SBIR-STTR Award

The proliferation of remote sensing technology, particularly in the IR regime, necessitates advanced and adaptable countermeasures for every component on the battlefield. Nanotechnology combines composition and structure to generate material with new multi-functionality found outside of natural occurrence. Recently, metallic carbon nanotubes (mCNTs) with a particular length and diameter distribution have been shown to be excellent absorbers of infrared radiation (IR) through plasmon interaction. However, currently available mCNTs are too expensive to be used in battlefield IR obscuration applications. American Boronite Corporation is the first commercial producer of predominantly metallic armchair (12,12) single-wall CNT (SWCNT) yarns and textiles with aligned microstructure with comparatively high-yield output. Our metallic armchair SWCNTs are too graphitic and long to be immediately employed in IR obscuration application. We propose to use standard sonication and wet chemistry techniques to shorten our unique CNTs to the necessary length distribution. While systematically measuring SWCNT length and diameter, we will also systematically capture IR absorbance and other electromagnetic interaction to tie back into the IR obscuration application. We will construct validated statistical models based on our collected parameters to implement the ability to produce mCNTs in large volume with predictable structure and IR absorbance, which will meet Army specifications.

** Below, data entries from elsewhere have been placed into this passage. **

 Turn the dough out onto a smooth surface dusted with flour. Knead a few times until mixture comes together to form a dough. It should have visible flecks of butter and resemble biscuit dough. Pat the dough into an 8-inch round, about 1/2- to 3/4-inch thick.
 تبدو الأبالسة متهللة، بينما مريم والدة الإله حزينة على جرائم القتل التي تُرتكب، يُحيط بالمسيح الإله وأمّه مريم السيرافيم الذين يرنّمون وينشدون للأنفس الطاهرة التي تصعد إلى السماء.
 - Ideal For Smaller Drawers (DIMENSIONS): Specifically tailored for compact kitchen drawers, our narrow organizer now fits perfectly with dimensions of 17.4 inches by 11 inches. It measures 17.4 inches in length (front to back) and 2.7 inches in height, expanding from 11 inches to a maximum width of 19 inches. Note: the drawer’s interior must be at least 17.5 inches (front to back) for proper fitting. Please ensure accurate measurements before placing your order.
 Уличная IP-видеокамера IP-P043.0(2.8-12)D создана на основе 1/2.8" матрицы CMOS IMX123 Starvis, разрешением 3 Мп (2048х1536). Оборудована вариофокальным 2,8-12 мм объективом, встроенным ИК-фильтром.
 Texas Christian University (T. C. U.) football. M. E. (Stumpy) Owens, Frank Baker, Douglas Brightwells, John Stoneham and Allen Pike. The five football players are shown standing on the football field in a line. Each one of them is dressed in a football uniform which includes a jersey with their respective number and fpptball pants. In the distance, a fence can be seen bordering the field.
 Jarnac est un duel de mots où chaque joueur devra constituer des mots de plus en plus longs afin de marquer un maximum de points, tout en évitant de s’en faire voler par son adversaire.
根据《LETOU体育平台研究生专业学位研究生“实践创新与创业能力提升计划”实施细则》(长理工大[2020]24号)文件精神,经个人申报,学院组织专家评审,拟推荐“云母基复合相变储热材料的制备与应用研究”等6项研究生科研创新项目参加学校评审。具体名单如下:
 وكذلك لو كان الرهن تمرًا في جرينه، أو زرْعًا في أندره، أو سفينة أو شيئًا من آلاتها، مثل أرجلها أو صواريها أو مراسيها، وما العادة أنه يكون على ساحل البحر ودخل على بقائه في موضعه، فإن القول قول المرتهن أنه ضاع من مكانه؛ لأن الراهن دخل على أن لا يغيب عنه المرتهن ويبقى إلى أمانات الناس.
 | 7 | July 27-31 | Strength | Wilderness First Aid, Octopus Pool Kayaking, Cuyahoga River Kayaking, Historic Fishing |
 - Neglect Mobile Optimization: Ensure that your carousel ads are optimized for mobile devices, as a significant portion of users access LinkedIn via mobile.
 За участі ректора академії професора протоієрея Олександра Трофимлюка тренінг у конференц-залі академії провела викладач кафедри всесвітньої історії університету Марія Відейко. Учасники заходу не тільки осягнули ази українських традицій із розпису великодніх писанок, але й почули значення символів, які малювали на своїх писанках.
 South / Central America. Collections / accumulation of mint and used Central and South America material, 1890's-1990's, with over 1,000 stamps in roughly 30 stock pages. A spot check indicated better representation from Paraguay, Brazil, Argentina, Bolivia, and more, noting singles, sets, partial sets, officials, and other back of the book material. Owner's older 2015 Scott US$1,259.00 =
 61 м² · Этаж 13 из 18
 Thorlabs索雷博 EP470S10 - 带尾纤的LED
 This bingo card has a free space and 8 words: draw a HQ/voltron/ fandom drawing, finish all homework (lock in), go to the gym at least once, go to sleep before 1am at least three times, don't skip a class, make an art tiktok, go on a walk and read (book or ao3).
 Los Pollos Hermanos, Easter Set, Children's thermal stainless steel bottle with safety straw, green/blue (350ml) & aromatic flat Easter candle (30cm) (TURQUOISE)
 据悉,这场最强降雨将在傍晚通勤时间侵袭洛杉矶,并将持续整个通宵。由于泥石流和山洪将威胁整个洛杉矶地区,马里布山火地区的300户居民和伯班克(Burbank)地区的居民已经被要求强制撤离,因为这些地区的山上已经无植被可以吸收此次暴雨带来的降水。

The proliferation of remote sensing technology, particularly in the IR regime, necessitates advanced and adaptable countermeasures for every component on the battlefield. Recently, metallic carbon nanotubes (mCNTs) with a particular length and diameter distribution have been shown to be excellent absorbers of infrared radiation (IR) through plasmon interaction. However, currently available mCNTs are too expensive to be used in battlefield IR obscuration applications. In Phase I American Boronite Corporation produced record quantities (>25g) of CNTs with predominantly metallic chirality. The diameter distribution centered at 1.6 nm, well within the Phase I objective, while the CNTs as grown were extremely long (>100 µm) and nearly defect free. For most electromagnetic and structural applications, long CNTs are extremely desirable. For tunable IR absorption, however, we need to have metallic short CNTs (<100 nm) with a length distribution we can control. We explored a variety of post-processes based on wet chemistry and kinetic techniques, all of which render our CNT sheet into a fine CNT powder with significantly shorter length distribution. We also explored a variety of analysis techniques to measure the individual CNT dimensions and IR absorption capability. A unique Raman spectroscopy technique made available by our Los Alamos National Laboratory (LANL) collaborators provided broadband Raman spectroscopy across the entire visible spectrum and showed that the most intense radial breathing modes (RBMs) associate with metallic chiralities, supporting the characteristic metallicity of the CNTs. Atomic force microscopy (AFM) rapidly determined a maximum average CNT length after post-processing. We explored a variety of Infrared (IR) spectroscopy techniques from a liquid transmission cell with CNTs suspended in deuterated water. We also measured their solid-state diffuse reflectance. In Phase II we will upgrade our existing carbon reactors to expand our production capacity of the newly established metallic CNT architecture (injector designs, fuel/gas chemistries and temperature profiles) with the goal of delivering 5 kg of mCNTs by the end of the program.